- Known for: negative social evaluations

Academic background
- Alma mater: HEC Paris, Sciences Po, Audencia Business School

Academic work
- Discipline: organization theory, leadership
- Sub-discipline: institutional theory, stakeholder theory
- Institutions: University of Cambridge

= Thomas J. Roulet =

French-British professor

Thomas J. Roulet is a French-British social scientist, management thinker and professor at the University of Cambridge where he holds the Chair of Organisational Sociology and Leadership. He has advanced the concept of negative social evaluations and is known for his research on wellbeing in the context of remote work. He is a full professor at the Judge Business School, and a Fellow of King's College, Cambridge.

Roulet is a regular commentator on workplace issues, leadership and management education for a variety of media including the BBC, the Telegraph, the Financial Times, ITV News, Le Monde, The Washington Post or The Guardian among others. He writes a column on strategic leadership for Forbes.

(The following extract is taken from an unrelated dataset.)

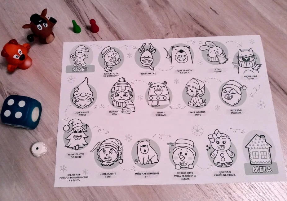 Jako DARMOWY DODATEK została dołączona GRA PLANSZOWA z ćwiczeniami warg i języka :)
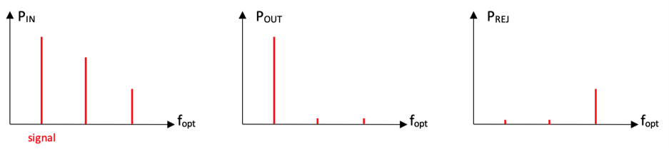 典型响应(IN ➙ OUT):允许传输特定窄带,抑制C或L波段中其他波长。提供从1 -4 GHz多个带宽选择 |

In 2024, he was elected Fellow of the Academy of Social Sciences. In 2020, he was elected as one of the trustees and council members of the Society for the Advancement of Management Studies. He is also a Mid-Career Fellow of the British Academy and Fellow of the British Higher Education Academy. He serves as the co-director of the King's Entrepreneurship Lab at King's College Cambridge, which he co-founded in 2021.

== Academic career ==
Before becoming an academic, Roulet was an investment banker during the 2008 financial crisis, an experience that spurred a curiosity to study the culture of investment banks and how organizations react under public pressure. In 2017, in a documentary for Die Zeit, he discussed the experience of European academics who immigrated to the United Kingdom in the aftermath of Brexit.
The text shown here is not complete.